→ Task goal
Starting at the line that contains "意大利大学与研究部 2025/26 学年新规:意语授课「医学与外科」「牙科」「兽医学」直接取消传统入学考试;9", transcribe each line through the end of the material below, exactly and nothing else, leaving out the pictures.

→ Data excerpt
*-*-*
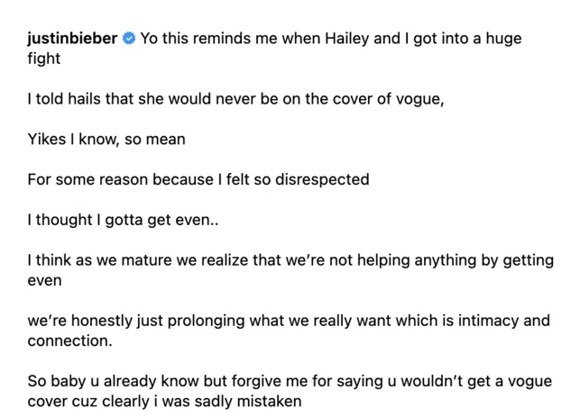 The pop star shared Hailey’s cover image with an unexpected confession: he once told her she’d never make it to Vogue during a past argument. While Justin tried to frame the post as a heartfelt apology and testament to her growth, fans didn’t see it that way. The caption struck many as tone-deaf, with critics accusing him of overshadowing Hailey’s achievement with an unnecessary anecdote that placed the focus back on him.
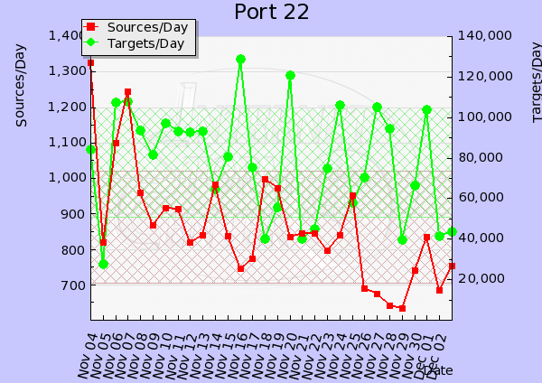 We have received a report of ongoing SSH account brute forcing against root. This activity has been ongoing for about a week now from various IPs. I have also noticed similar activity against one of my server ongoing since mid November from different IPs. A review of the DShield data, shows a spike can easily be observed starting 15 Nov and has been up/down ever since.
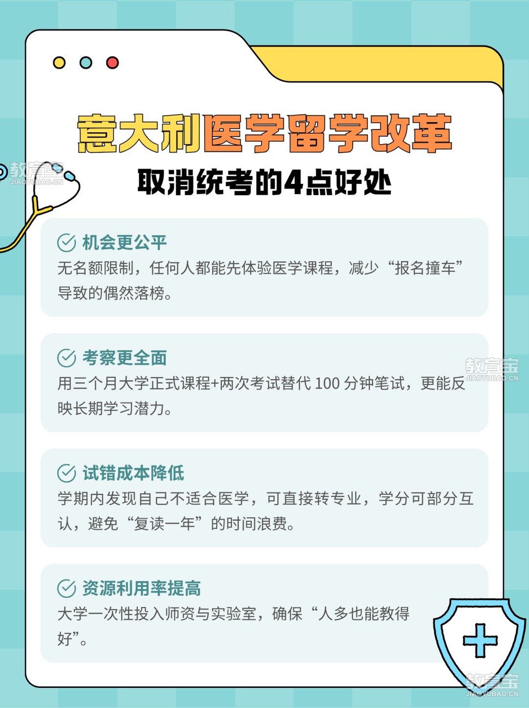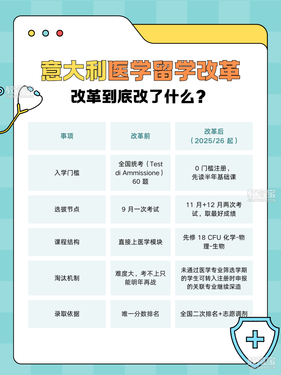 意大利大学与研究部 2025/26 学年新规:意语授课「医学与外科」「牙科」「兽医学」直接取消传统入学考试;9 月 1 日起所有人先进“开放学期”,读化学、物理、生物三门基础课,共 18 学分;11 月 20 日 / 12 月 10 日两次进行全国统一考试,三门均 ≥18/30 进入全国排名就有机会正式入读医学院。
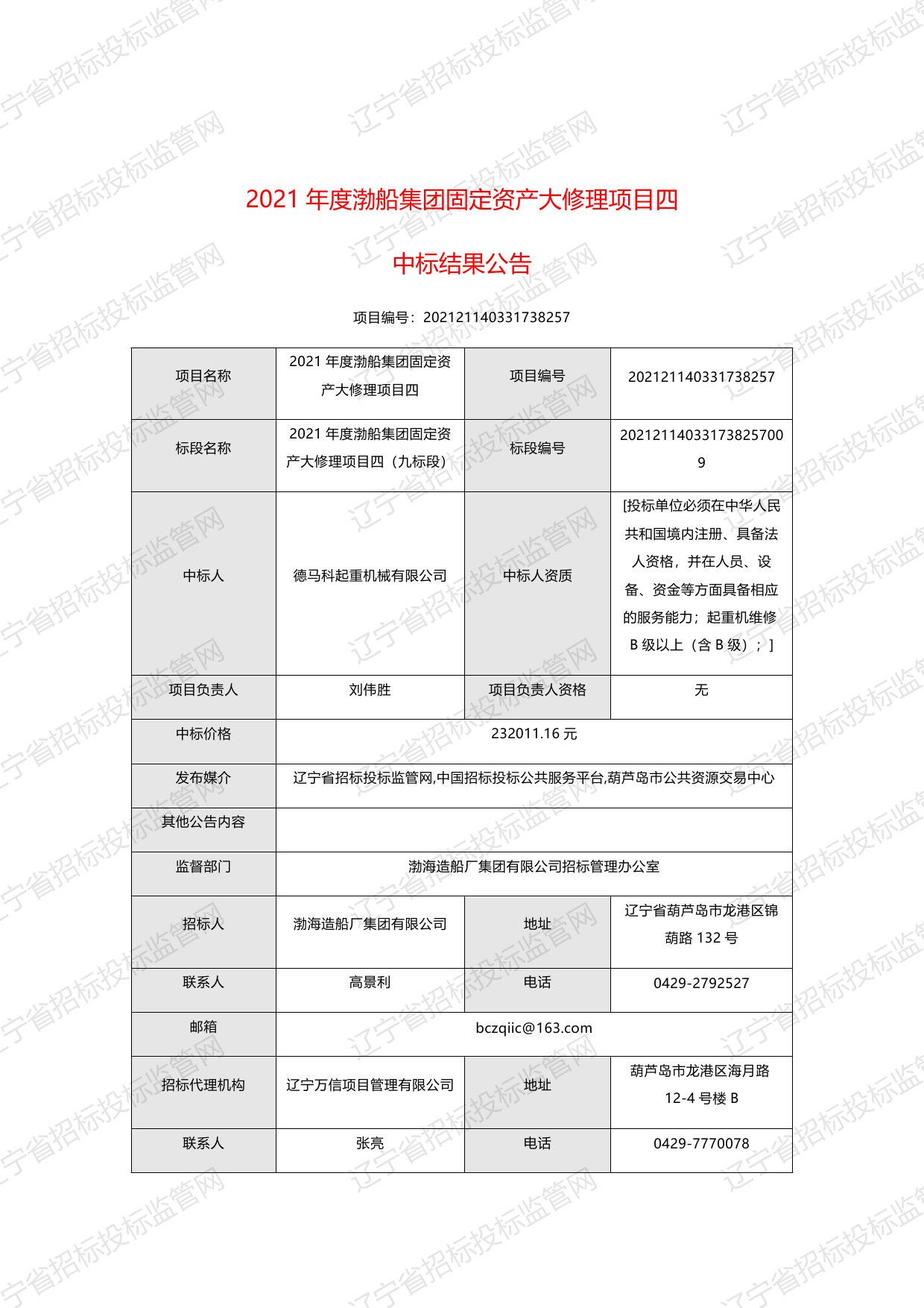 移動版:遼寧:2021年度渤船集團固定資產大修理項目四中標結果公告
*-*-*
→ Result of this exercise
 意大利大学与研究部 2025/26 学年新规:意语授课「医学与外科」「牙科」「兽医学」直接取消传统入学考试;9 月 1 日起所有人先进“开放学期”,读化学、物理、生物三门基础课,共 18 学分;11 月 20 日 / 12 月 10 日两次进行全国统一考试,三门均 ≥18/30 进入全国排名就有机会正式入读医学院。
 移動版:遼寧:2021年度渤船集團固定資產大修理項目四中標結果公告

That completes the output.